The core principles are:
- Deterministic and reproducible output
- One folder per step, no in-place modification
- Filenames always derived from the original input filename
- Full audit trail with reports per step
- Vector pages stay vector whenever possible
- Rasterization and upscaling only where strictly necessary
- The PowerPoint source already uses the correct final page size.
- Minimum safe margin of 5 mm is already respected inside PowerPoint.
- The PDF in
00-inputwas exported directly from PowerPoint using high-quality settings. - Inside pages are delivered as single pages, not spreads.
- Target effective resolution for raster content is ≥300 dpi at final size.

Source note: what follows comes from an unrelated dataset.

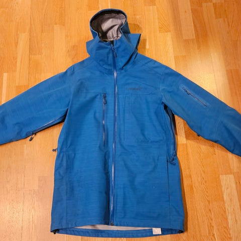 Norrøna Lyngen driflex3 Jacket for dame i størrelse S. Jakken er blå og designet for ski- og toppturer. Driflex3-materialet er vanntett, vindtett, myk og fleksibel. Jakken har lange ventilasjonsglidelåser, håndgamasjer, snøskjørt og stormhette for hjelm.
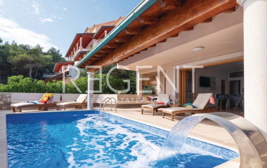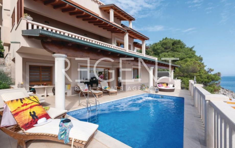 Predstavljamo vam predivnu vilu smještenu tik uz more.Vila se nalazi na parceli od _____ ima ukupnu površinu od m2 te dvorište površine … m2. Sadrži prizemlje 1. i 2. kat.U prizemlju vile nalazi se prostorija s jacuzzijem iz koje se ulazi u prostoriju sa finskom saunom i fitness opremom. Iz svake prostorije je otvoren pogled na more. U prizemlju je i prostorija za igru s biljarskim stolom, stolnim nogometom, te dva računala. Prizemlje ima izlaz na bazen površine ___ uz kojeg je sunčalište.Unutarnje stepenice vode na 1. kat, gdje se nalazi prostrana kuhinja, blagovaonica i dnevni boravak, s izravnim izlazom na natkrivenu terasu s stolom i roštiljem. Ovdje možete uživati u večernjim satima s obitelji i prijateljima. Na istom katu nalaze se dvije spavaće sobe sa zasebnim kupaonicama. Jedna soba ima izlaz na balkon.Na 2. katu nalaze se još 3 luksuzne spavaće sobe, svaka sa svojom kupaonicom i balkonom s pogledom na more.Vila ima uhodan biznis, radi deset godina.Smještena je izravno uz more, pa možete doći i brodom, a ispod kuće se nalazi vez za brod.Nekoliko stepenica vodi od mora do prekrasne kamene terase s suncobranima i ležaljkama, s koje se pruža panoramski pogled na jedan od najljepših arhipelaga Jadrana.Ukupno, ova kuća ima potencijal za pružanje visokokvalitetnog smještaja tijekom cijele godine, a posebno u ljetnoj sezoni s mogućnošću privlačenja raznolike klijentele. Također, kuća već ima uhodani posao te je bookirana svake sezone. U široj okolici su slikoviti otočići, duboke uvale, strmo odsječene hridi i plodne pitome zaravni, što ovaj kraj čini mjestom pogodnim za život i za neograničene mogućnosti odmora.Za više informacija, kontaktirajte našeg agenta na brojeve telefona:

- Editing layout, text, or margins
- Fixing PowerPoint design mistakes
- Cover, spine, bleed, or binding calculations
- Reflowing or reconstructing vector content
00-input/
01-validate/
02-analyze-dpi/
03-extract-images/
04-upscale-images/
05-verify-images/
06-resize-images/
07-resize-smasks/
08-replace-images/
09-normalize-pdf/
10-pdf-x4/
11-output/
preflight.sh (stdout only)
Each step reads only from earlier steps and writes only to its own folder.
./convert.sh 00-input/boek.pdf
Runs steps 1–11 in order and stops on the first failure. Then runs preflight on both the PDF/X-4 and PDF/X-1a outputs. All script output is streamed to the terminal.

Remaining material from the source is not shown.